• _INSTRUCTIONS FOR THE TASK_
Leaving out all pictures, transcribe exactly the lines between the line with "Si les élèves" and the last line of the records below, both included.

(Stored data)

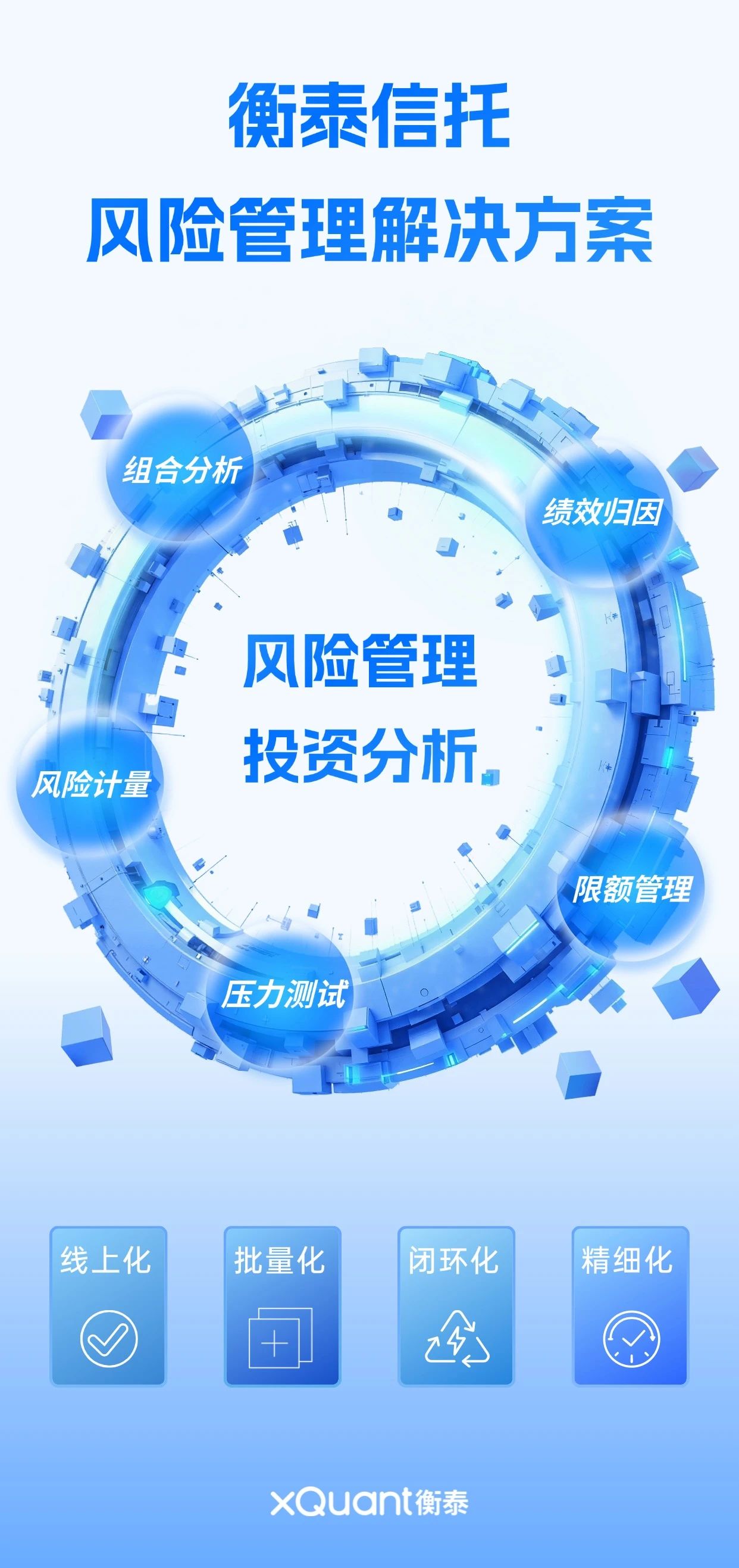 衡泰信托風險管理解決方案,憑借專業的定量分析能力以及領先的風險計量模型,融合信托業務場景,構建全面的風險管理矩陣,通過數據互通、風險計量、限額管理、歸因分析四大專業能力,打造精準風險識別、科學風險計量、高效風險處置、全流程線上化管控及前中后臺無縫協同于一體的統一風控管理平臺。
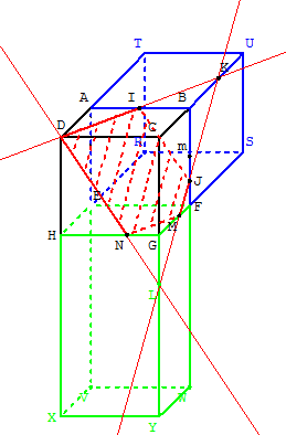 Si les élèves ne connaissent pas ce théorème, ils feront des constructions en sortant du cube : Géopace, utilisé au vidéo projecteur, permettra de mieux visualiser un nouveau solide placé derrière le cube ou en dessous du cube. Le professeur pourra alors aider les élèves à découvrir puis à formuler le théorème ci-dessus.
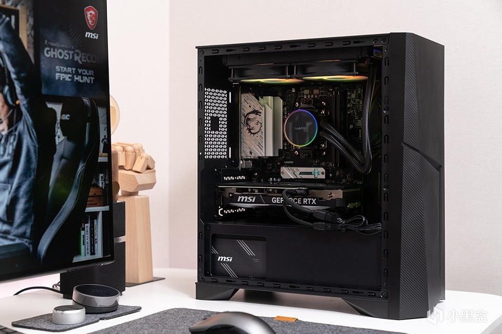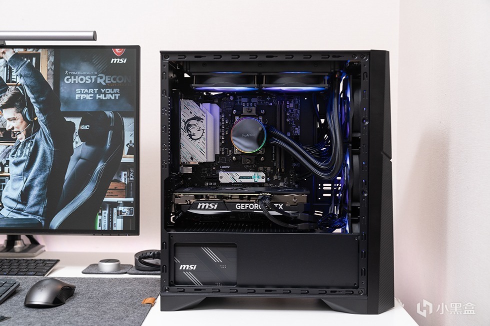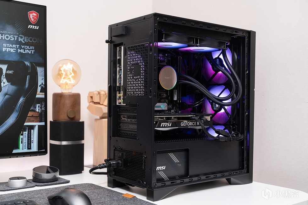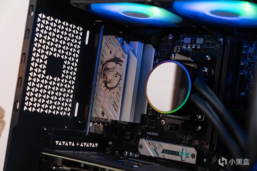 打開側板後可以看到內部爲傳統的上下分倉結構,上方爲主板區域,配備了MATX主板,採用了240一體水冷散熱,線纜都進行了規整處理,硬件排布整潔,內部空間寬裕,可支持最長320mm長度的顯卡。
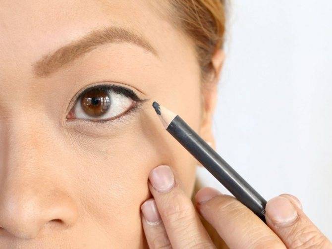 Карандашом на внешнем уголке глаза рисуется стрелка в форме галочки.
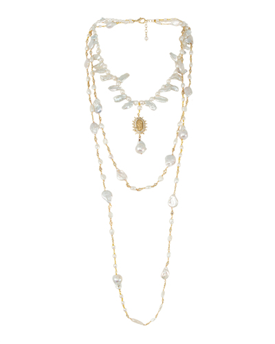 Колье Rocca Florentina выполнено из бижутерного металлического сплава с гальваническим гипоаллергенным покрытием. Украшение с натуральными камнями циркония и речного жемчуга.
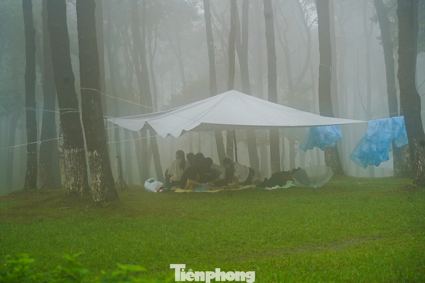 Trời mưa dày đặc, một số nhóm bạn trẻ quyết định thuê lều cắm trại để nghỉ ngơi và ăn uống. "Mình mong chiều tạnh mưa để có thể chụp ảnh với hoa dã quỳ", anh Trần Hiếu (Vĩnh Phúc) chia sẻ.
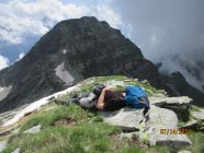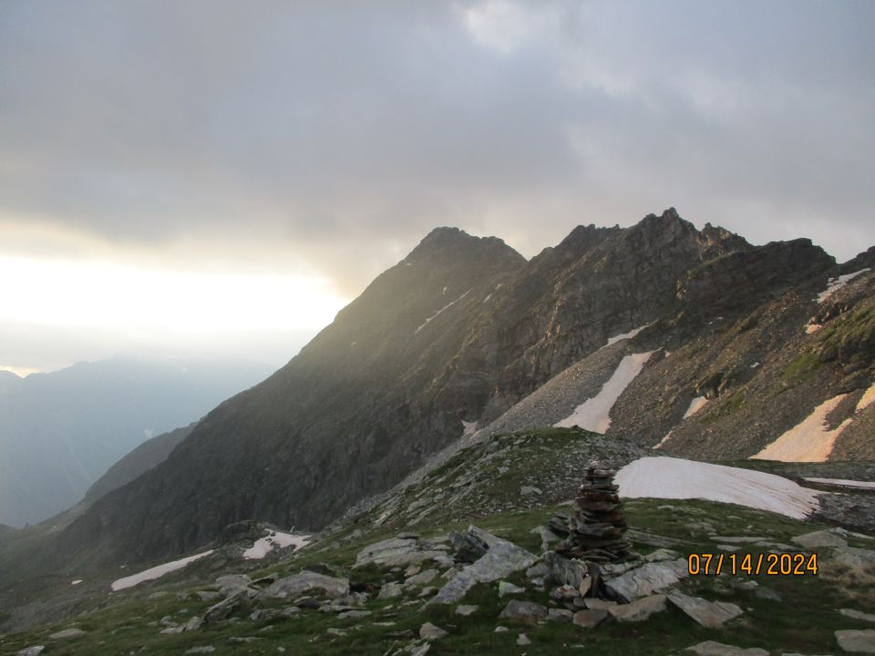 Wohl zwei sehr selten besuchte Gipfelziele., erwartungsgemäß waren wir auch allein. Auch die hübsche Aufstiegsroute von Pian San Giacomo zum Rifugio Pian Grand schien uns wenig begangen, dort haben wir nur zwei Personen im Abstieg getroffen.
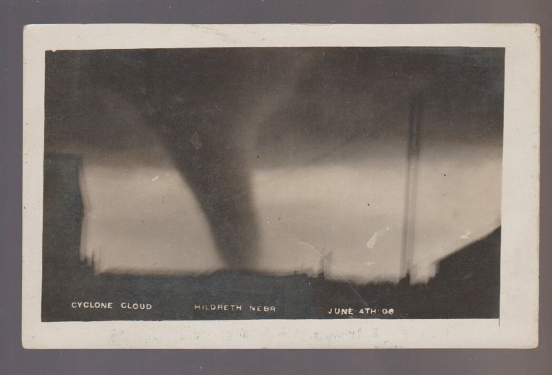 Hildreth NEBRASKA RPPC 1908 TORNADO TOUCHING DOWN! Twister CYCLONE Disaster NE
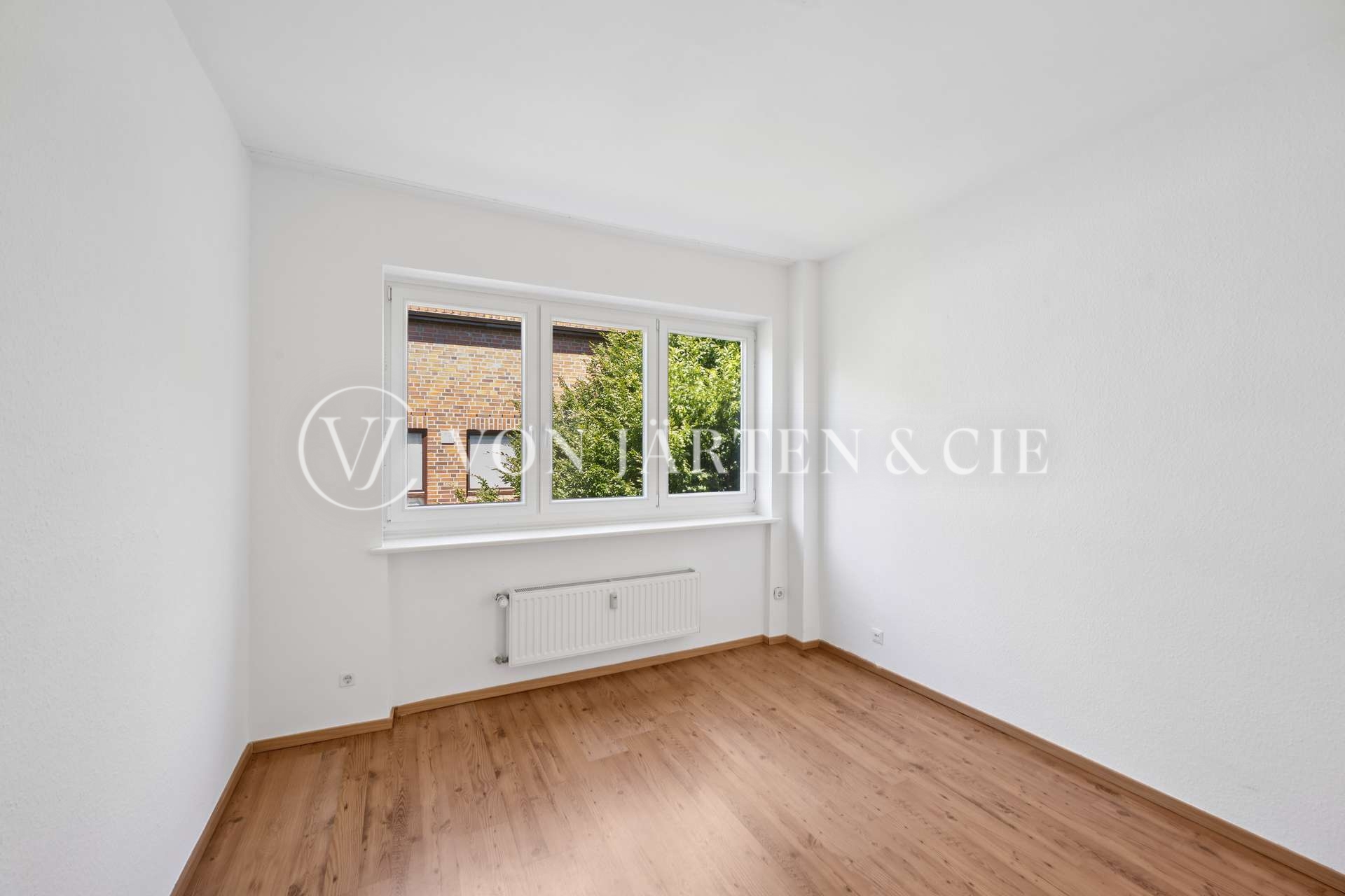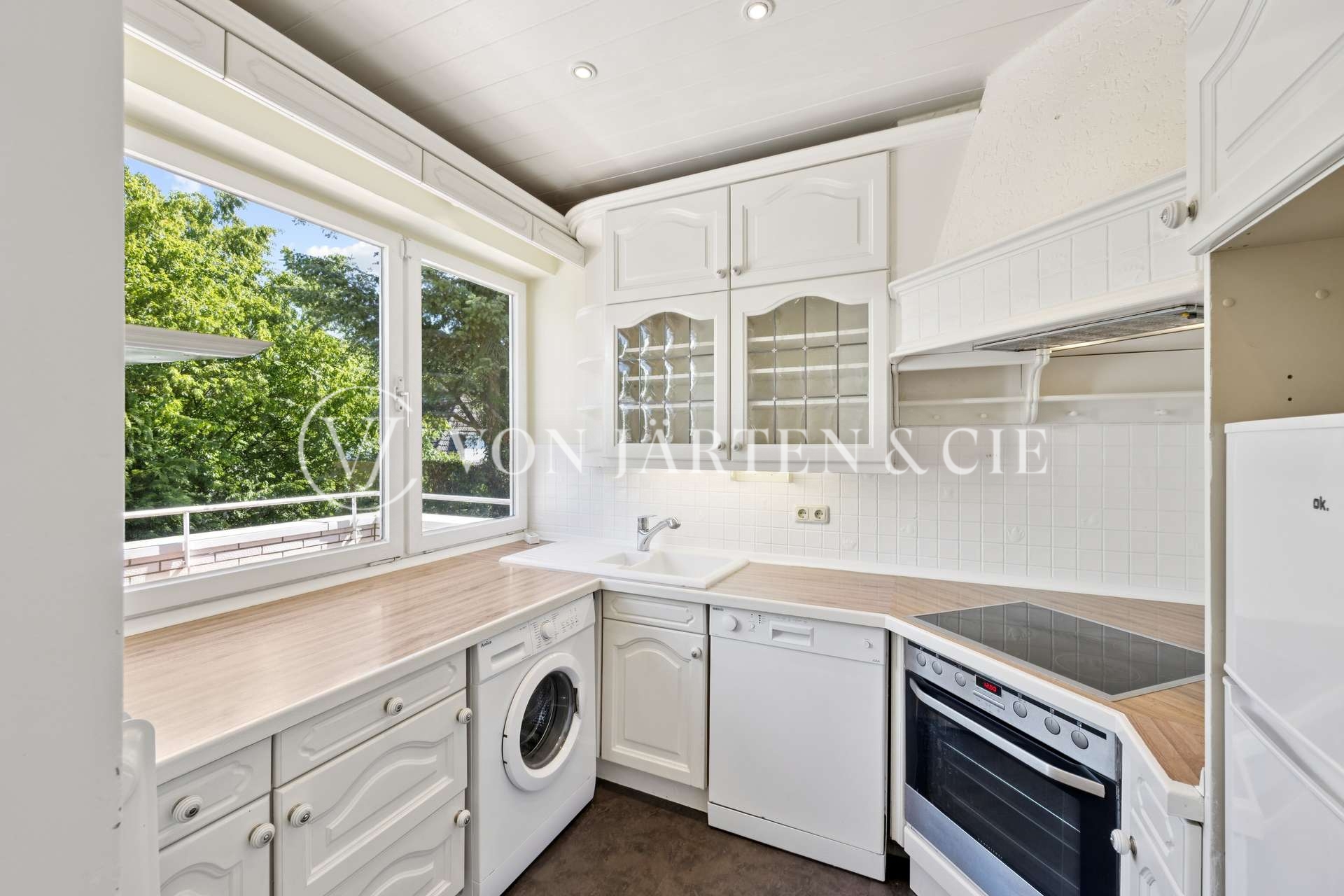 Die Wohnung verfügt insgesamt über drei Zimmer und besticht durch ihre außergewöhnlich helle Atmosphäre. Große Fensterfronten sowie mehrere Oberlichter sorgen den ganzen Tag über für viel natürliches Licht und ein offenes, warmes Wohngefühl.
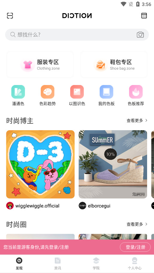 DICTION APP囊括: 趋势资讯、蝶讯学院、时尚博主、色彩实验室等。

• _REPLY TO THE EXERCISE_
 Si les élèves ne connaissent pas ce théorème, ils feront des constructions en sortant du cube : Géopace, utilisé au vidéo projecteur, permettra de mieux visualiser un nouveau solide placé derrière le cube ou en dessous du cube. Le professeur pourra alors aider les élèves à découvrir puis à formuler le théorème ci-dessus.
 打開側板後可以看到內部爲傳統的上下分倉結構,上方爲主板區域,配備了MATX主板,採用了240一體水冷散熱,線纜都進行了規整處理,硬件排布整潔,內部空間寬裕,可支持最長320mm長度的顯卡。
 Карандашом на внешнем уголке глаза рисуется стрелка в форме галочки.
 Колье Rocca Florentina выполнено из бижутерного металлического сплава с гальваническим гипоаллергенным покрытием. Украшение с натуральными камнями циркония и речного жемчуга.
 Trời mưa dày đặc, một số nhóm bạn trẻ quyết định thuê lều cắm trại để nghỉ ngơi và ăn uống. "Mình mong chiều tạnh mưa để có thể chụp ảnh với hoa dã quỳ", anh Trần Hiếu (Vĩnh Phúc) chia sẻ.
 Wohl zwei sehr selten besuchte Gipfelziele., erwartungsgemäß waren wir auch allein. Auch die hübsche Aufstiegsroute von Pian San Giacomo zum Rifugio Pian Grand schien uns wenig begangen, dort haben wir nur zwei Personen im Abstieg getroffen.
 Hildreth NEBRASKA RPPC 1908 TORNADO TOUCHING DOWN! Twister CYCLONE Disaster NE
 Die Wohnung verfügt insgesamt über drei Zimmer und besticht durch ihre außergewöhnlich helle Atmosphäre. Große Fensterfronten sowie mehrere Oberlichter sorgen den ganzen Tag über für viel natürliches Licht und ein offenes, warmes Wohngefühl.
 DICTION APP囊括: 趋势资讯、蝶讯学院、时尚博主、色彩实验室等。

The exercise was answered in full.